Data excerpts:
·····

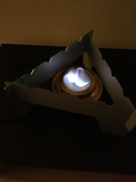 その火をみていて、なんとなく試したいと考えていたアルコールバーナー。1000円だったのでゲットしてみました。
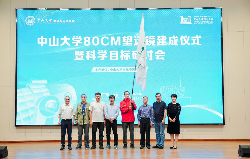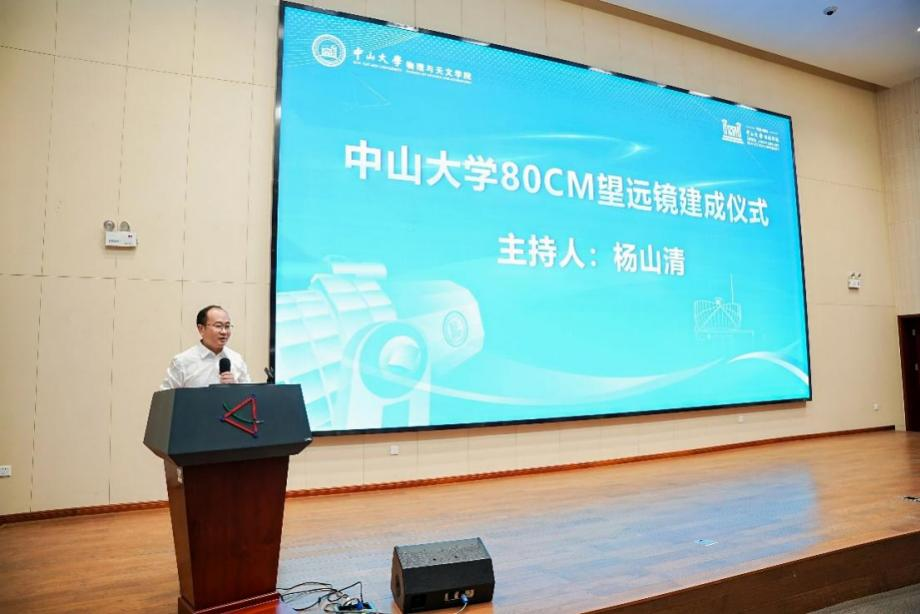 2024年11月15日,中山大学80厘米望远镜建成仪式暨科学目标研讨会在中山大学珠海校区隆重举行。中国科学院院士、紫金山天文台史生才研究员,国家自然科学基金委天文科学处何成处长,广西大学副校长梁恩维教授,中国科学院云南天文台台长陈雪飞研究员,冷湖科创园管委会赵毅副主任以及中山大学科学研究院院长程晓教授、开云链接官网(中国)有限公司-官网院长杨山清教授和党委书记海珊出席仪式为中山大学80厘米红外天文望远镜揭幕。来自国内多所高校和科研院所以及80厘米望远镜所在地青海省冷湖镇的40余位专家学者和相关人员共同见证这一历史性的时刻。仪式由中山大学开云链接官网(中国)有限公司-官网院长杨山清教授主持。
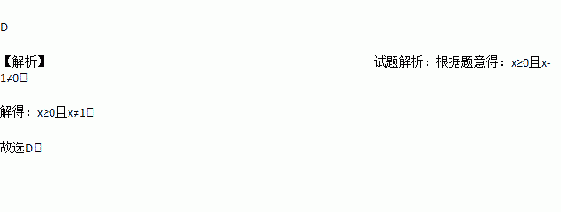 A. x≥0 B. x≠1 C. x>0 D. x≥0且x≠1
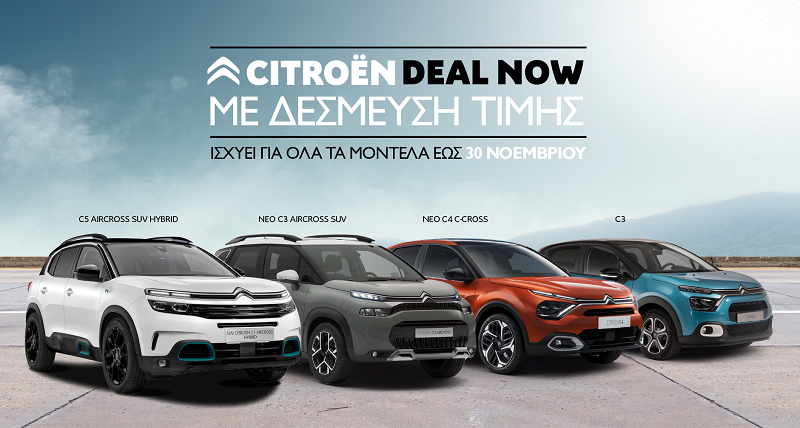 Η Citroën Hellas αντιλαμβανόμενη τις ιδιαίτερες συνθήκες που επικρατούν στην αγορά αυτοκινήτου, με το πρόγραμμα “CITROËN DEAL NOW”, δίνει τη δυνατότητα στους πελάτες της Μάρκας που προβαίνουν σε παραγγελία να “δεσμεύσουν” τη λιανική τιμή αγοράς.
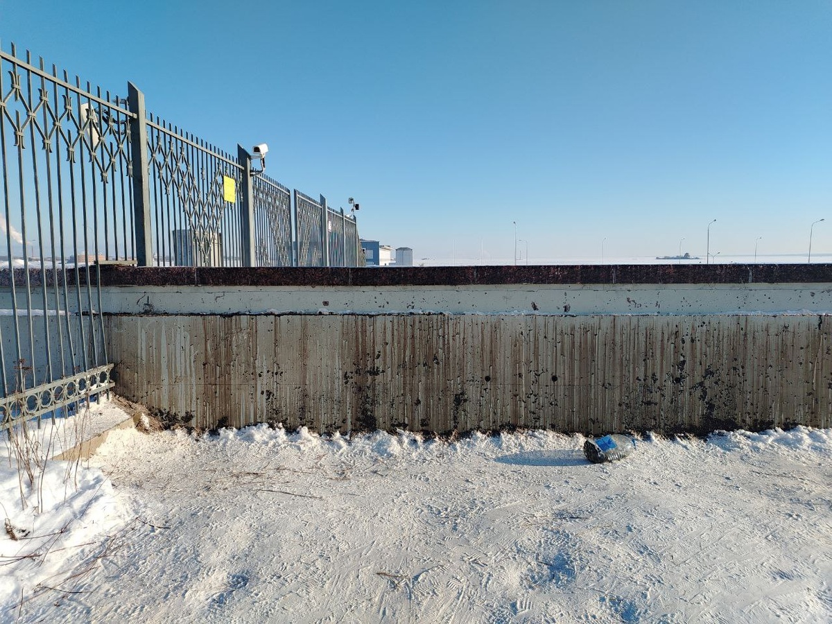 Парапет на южной дамбе у забора залили маслом. Будьте бдительны.
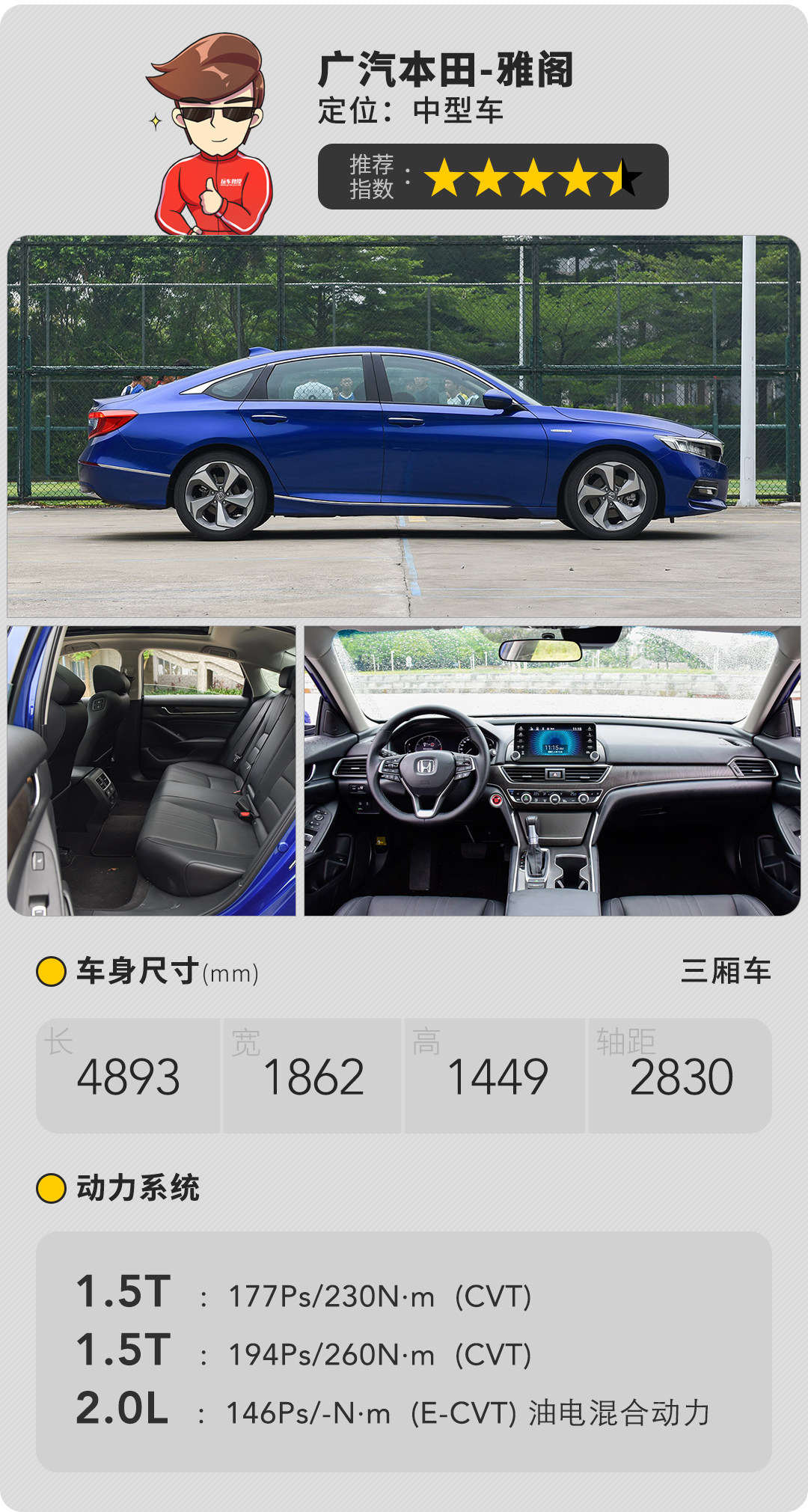 动力方面,雅阁燃油版车型均搭载了1.5T发动机,最大功率194Ps,并且匹配CVT无级变速箱,而混动车型则是搭载2.0L发动机+E-CVT组成的混合动力系统。这一代雅阁最大的亮点在于混动版车型搭载了第三代i-MMD混动系统,动力提升与油耗降低都让其备受瞩目,相较之下燃油版车型的动力表现平平,很多人甚至吐槽燃油版与混动版是两款车型。
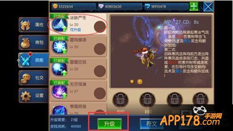 先选取要升级的技能,点击“升级”即可。
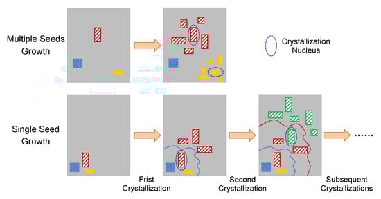 Two crystal growth manners of the proposed Crystallization Copy-paste augmentation.
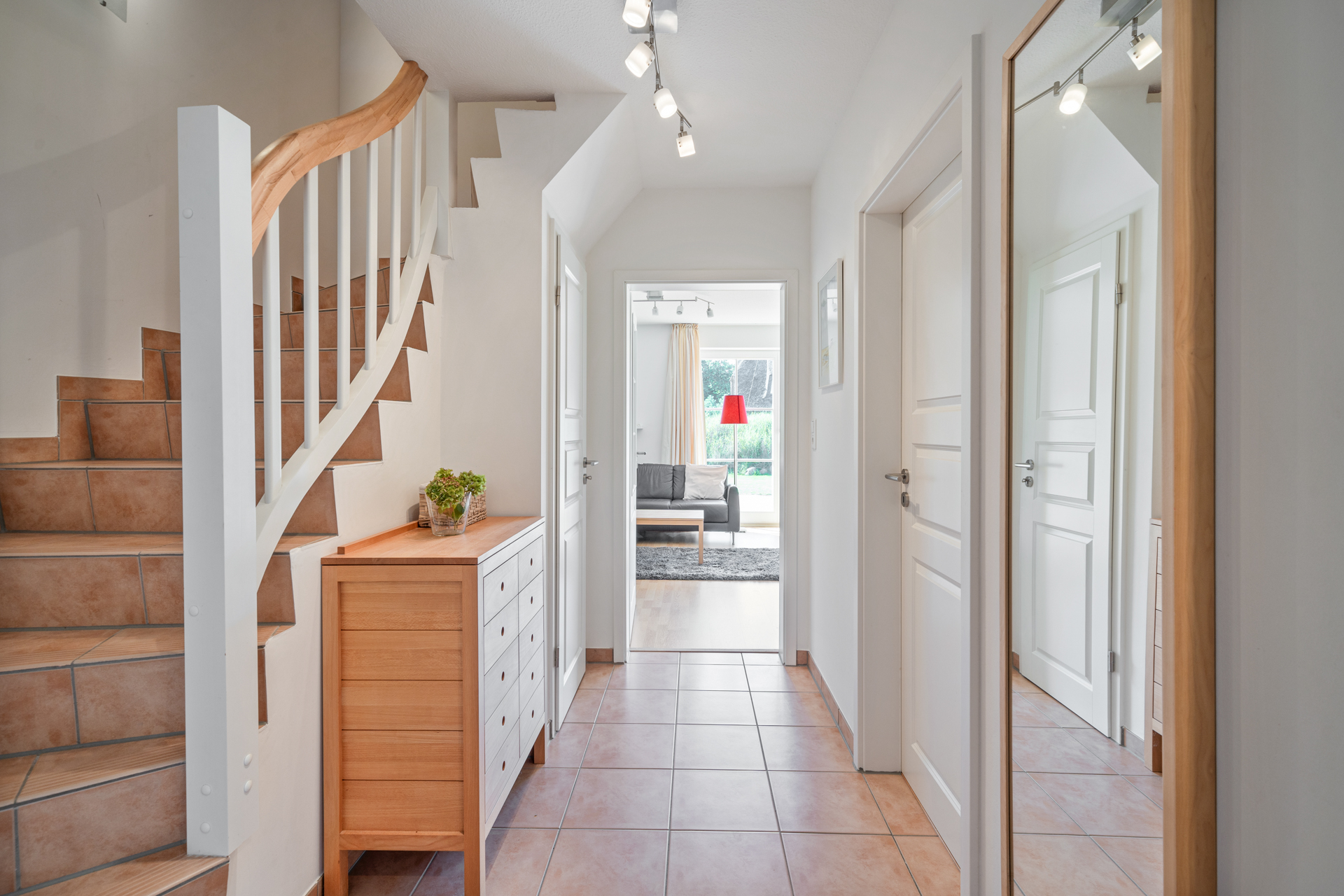 Zum Verkauf steht eine im Jahr 2008 erbaute, charmante Doppelhaushälfte mit einer Gesamtfläche von 100 m², gelegen auf einem idyllischen, von einem Friesenwall umgebenen Grundstück von 615 m². Diese Immobilie bietet mit ihren vier Zimmern, darunter zwei Schlafzimmer und ein Badezimmer, die ideale Wohnatmosphäre für Ihren Urlaub in der begehrten Ferienregion St. Peter-Ording. Beim Betreten des Erdgeschosses erwartet Sie ein großzügiges Wohnzimmer, das durch seine offene Gestaltung und die integrierte, moderne Küche beeindruckt. Die Küche ist vollständig mit hochwertigen Mielelektrogeräten ausgestattet und lässt keine Wünsche offen. Ein Gäste-WC sowie ein praktischer Abstellraum ergänzen das Raumangebot im Erdgeschoss. Vom Wohnbereich aus gelangen Sie auf die sonnige Terrasse und in den herrlichen Garten, der in Südwestausrichtung liegt und reichlich Platz für entspannte Stunden im Freien bietet. Der Garten ist ein echtes Highlight, umgeben von einem typischen Friesenwall, der nicht nur Privatsphäre schafft, sondern auch den traditionellen Charme der Region unterstreicht. Eine Treppe führt Sie ins Obergeschoss, wo zwei gemütliche Schlafzimmer sowie ein vollwertiges Badezimmer auf Sie warten. Diese Etage bietet den perfekten Platz für die ganze Familie, um sich nach einem Tag am Strand zu erholen. Darüber hinaus bietet der Spitzboden zusätzliche Nutzungs- und Gestaltungsmöglichkeiten. Dieser Raum ist durch eine Glastür abgetrennt und kann als zusätzlicher, abgeschlossener Raum genutzt werden – ideal als Rückzugsort. Die Doppelhaushälfte liegt in einer der begehrtesten Wohngegenden von St. Peter-Ording, im malerischen Strandhaferring. Der Strandhaferring ist bekannt für seine einzigartige Anordnung von wunderschönen Reetdachhäusern, die sich harmonisch in die umliegende Landschaft einfügen und den typischen Charakter des Ortes widerspiegeln. Die Gegend besticht durch ihre ruhige und doch zentrale Lage, umgeben von gepflegten Friesenwällen und einer farbenprächtigen Vegetation, die im Laufe des Jahres ein beeindruckendes Naturschauspiel bietet. Der großzügige Garten mit seiner einladenden Terrasse ist perfekt für entspannte Sommerabende und bietet ausreichend Platz für Familie und Freunde. Besonders hervorzuheben sind die beiden Doppelgaragen und die zusätzlichen Stellplätze vor der Tür, die nicht nur ausreichend Platz für Ihre Fahrzeuge bieten, sondern auch zusätzlichen Stauraum und der praktische HWR der Platz für eine Waschmaschine und einen Trockner bietet. Diese wunderschöne Doppelhaushälfte wird möbliert übergeben und ist sofort bezugsfertig. Sie bietet eine seltene Gelegenheit, in eine der schönsten Gegenden von St. Peter-Ording zu ziehen und den unverwechselbaren Charme der Region zu genießen. Lassen Sie sich bei einer persönlichen Besichtigung von dieser besonderen Immobilie überzeugen und entdecken Sie Ihr neues Zuhause oder Feriendomizil in St. Peter-Ording.
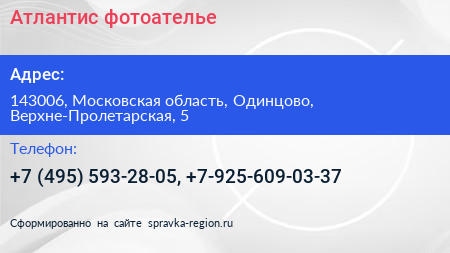 Атлантис, фотоателье по адресу 143006, Московская область, Одинцово, Верхне-Пролетарская, 5 в дальнейшем Организация, размещена в следующих категориях:
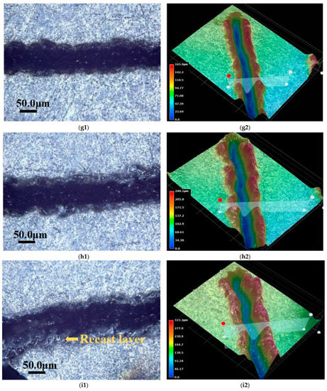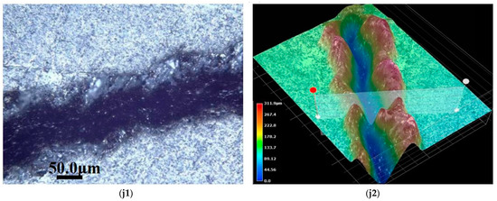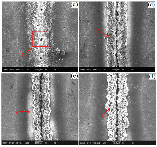 Figure 7e shows the typical observation results of the HAZ region during laser etching of the SiCp/Mg composites. When the power is 5 W~15 W, the state of the heat-affected zone on the surface of SiCp/Mg composites is not very obvious. Since the magnesium alloy with a lower melting point will be melted first and while SiC with a higher melting point is still on the surface of the original composite, silicon carbide particles will appear, as shown in Figure 7(a1). The width of the heat-affected zone in the upper half of the SiCp/Mg composite processing area is between 100 μm and 200 μm. A nanosecond pulsed laser etching device was chosen, so that a more pronounced frequency hole can be observed at the etched area (as shown in Figure 7(c2)) when the power reaches 15 W. Figure 7(d3) indicates that the surface is a smoother etched edge area after the power reaches 20W. At the end of laser etching, the width of the heat-affected zone evidently increases. Figure 7(e4) indicates the most severe example of oxidation of the material close to the etched area. After the power reaches 30 W, the edges of the etched area will start to form a raised hanging slag structure, as shown in Figure 7(f5). Therefore, the width of the heat-affected zone will gradually increase along the laser etching direction. After the power reaches 35 W, the inner wall of the hanging slag will form a more dense arrangement of silicon carbide wrapped by the magnesium alloy, as shown in Figure 7(g6). With the increase of power, the hanging slag will continue to accumulate and eventually fall off at the hanging slag edge, as shown in Figure 7(j7). The width of the heat-affected zone near the end of the laser etching procedure is obviously higher than that of the other regions. This is due to the rapid flow and oxidation of the molten matrix material at high temperature. Heat radiates to both sides of the processing area, and the presence of SiC particles makes the heat transfer speed faster.

·····

WHAT NEEDS TO BE DONE:
Repeat the records above verbatim, with no pictures in the result.

SOLUTION TO THIS EXERCISE:
 その火をみていて、なんとなく試したいと考えていたアルコールバーナー。1000円だったのでゲットしてみました。
 2024年11月15日,中山大学80厘米望远镜建成仪式暨科学目标研讨会在中山大学珠海校区隆重举行。中国科学院院士、紫金山天文台史生才研究员,国家自然科学基金委天文科学处何成处长,广西大学副校长梁恩维教授,中国科学院云南天文台台长陈雪飞研究员,冷湖科创园管委会赵毅副主任以及中山大学科学研究院院长程晓教授、开云链接官网(中国)有限公司-官网院长杨山清教授和党委书记海珊出席仪式为中山大学80厘米红外天文望远镜揭幕。来自国内多所高校和科研院所以及80厘米望远镜所在地青海省冷湖镇的40余位专家学者和相关人员共同见证这一历史性的时刻。仪式由中山大学开云链接官网(中国)有限公司-官网院长杨山清教授主持。
 A. x≥0 B. x≠1 C. x>0 D. x≥0且x≠1
 Η Citroën Hellas αντιλαμβανόμενη τις ιδιαίτερες συνθήκες που επικρατούν στην αγορά αυτοκινήτου, με το πρόγραμμα “CITROËN DEAL NOW”, δίνει τη δυνατότητα στους πελάτες της Μάρκας που προβαίνουν σε παραγγελία να “δεσμεύσουν” τη λιανική τιμή αγοράς.
 Парапет на южной дамбе у забора залили маслом. Будьте бдительны.
 动力方面,雅阁燃油版车型均搭载了1.5T发动机,最大功率194Ps,并且匹配CVT无级变速箱,而混动车型则是搭载2.0L发动机+E-CVT组成的混合动力系统。这一代雅阁最大的亮点在于混动版车型搭载了第三代i-MMD混动系统,动力提升与油耗降低都让其备受瞩目,相较之下燃油版车型的动力表现平平,很多人甚至吐槽燃油版与混动版是两款车型。
 先选取要升级的技能,点击“升级”即可。
 Two crystal growth manners of the proposed Crystallization Copy-paste augmentation.
 Zum Verkauf steht eine im Jahr 2008 erbaute, charmante Doppelhaushälfte mit einer Gesamtfläche von 100 m², gelegen auf einem idyllischen, von einem Friesenwall umgebenen Grundstück von 615 m². Diese Immobilie bietet mit ihren vier Zimmern, darunter zwei Schlafzimmer und ein Badezimmer, die ideale Wohnatmosphäre für Ihren Urlaub in der begehrten Ferienregion St. Peter-Ording. Beim Betreten des Erdgeschosses erwartet Sie ein großzügiges Wohnzimmer, das durch seine offene Gestaltung und die integrierte, moderne Küche beeindruckt. Die Küche ist vollständig mit hochwertigen Mielelektrogeräten ausgestattet und lässt keine Wünsche offen. Ein Gäste-WC sowie ein praktischer Abstellraum ergänzen das Raumangebot im Erdgeschoss. Vom Wohnbereich aus gelangen Sie auf die sonnige Terrasse und in den herrlichen Garten, der in Südwestausrichtung liegt und reichlich Platz für entspannte Stunden im Freien bietet. Der Garten ist ein echtes Highlight, umgeben von einem typischen Friesenwall, der nicht nur Privatsphäre schafft, sondern auch den traditionellen Charme der Region unterstreicht. Eine Treppe führt Sie ins Obergeschoss, wo zwei gemütliche Schlafzimmer sowie ein vollwertiges Badezimmer auf Sie warten. Diese Etage bietet den perfekten Platz für die ganze Familie, um sich nach einem Tag am Strand zu erholen. Darüber hinaus bietet der Spitzboden zusätzliche Nutzungs- und Gestaltungsmöglichkeiten. Dieser Raum ist durch eine Glastür abgetrennt und kann als zusätzlicher, abgeschlossener Raum genutzt werden – ideal als Rückzugsort. Die Doppelhaushälfte liegt in einer der begehrtesten Wohngegenden von St. Peter-Ording, im malerischen Strandhaferring. Der Strandhaferring ist bekannt für seine einzigartige Anordnung von wunderschönen Reetdachhäusern, die sich harmonisch in die umliegende Landschaft einfügen und den typischen Charakter des Ortes widerspiegeln. Die Gegend besticht durch ihre ruhige und doch zentrale Lage, umgeben von gepflegten Friesenwällen und einer farbenprächtigen Vegetation, die im Laufe des Jahres ein beeindruckendes Naturschauspiel bietet. Der großzügige Garten mit seiner einladenden Terrasse ist perfekt für entspannte Sommerabende und bietet ausreichend Platz für Familie und Freunde. Besonders hervorzuheben sind die beiden Doppelgaragen und die zusätzlichen Stellplätze vor der Tür, die nicht nur ausreichend Platz für Ihre Fahrzeuge bieten, sondern auch zusätzlichen Stauraum und der praktische HWR der Platz für eine Waschmaschine und einen Trockner bietet. Diese wunderschöne Doppelhaushälfte wird möbliert übergeben und ist sofort bezugsfertig. Sie bietet eine seltene Gelegenheit, in eine der schönsten Gegenden von St. Peter-Ording zu ziehen und den unverwechselbaren Charme der Region zu genießen. Lassen Sie sich bei einer persönlichen Besichtigung von dieser besonderen Immobilie überzeugen und entdecken Sie Ihr neues Zuhause oder Feriendomizil in St. Peter-Ording.
 Атлантис, фотоателье по адресу 143006, Московская область, Одинцово, Верхне-Пролетарская, 5 в дальнейшем Организация, размещена в следующих категориях:
 Figure 7e shows the typical observation results of the HAZ region during laser etching of the SiCp/Mg composites. When the power is 5 W~15 W, the state of the heat-affected zone on the surface of SiCp/Mg composites is not very obvious. Since the magnesium alloy with a lower melting point will be melted first and while SiC with a higher melting point is still on the surface of the original composite, silicon carbide particles will appear, as shown in Figure 7(a1). The width of the heat-affected zone in the upper half of the SiCp/Mg composite processing area is between 100 μm and 200 μm. A nanosecond pulsed laser etching device was chosen, so that a more pronounced frequency hole can be observed at the etched area (as shown in Figure 7(c2)) when the power reaches 15 W. Figure 7(d3) indicates that the surface is a smoother etched edge area after the power reaches 20W. At the end of laser etching, the width of the heat-affected zone evidently increases. Figure 7(e4) indicates the most severe example of oxidation of the material close to the etched area. After the power reaches 30 W, the edges of the etched area will start to form a raised hanging slag structure, as shown in Figure 7(f5). Therefore, the width of the heat-affected zone will gradually increase along the laser etching direction. After the power reaches 35 W, the inner wall of the hanging slag will form a more dense arrangement of silicon carbide wrapped by the magnesium alloy, as shown in Figure 7(g6). With the increase of power, the hanging slag will continue to accumulate and eventually fall off at the hanging slag edge, as shown in Figure 7(j7). The width of the heat-affected zone near the end of the laser etching procedure is obviously higher than that of the other regions. This is due to the rapid flow and oxidation of the molten matrix material at high temperature. Heat radiates to both sides of the processing area, and the presence of SiC particles makes the heat transfer speed faster.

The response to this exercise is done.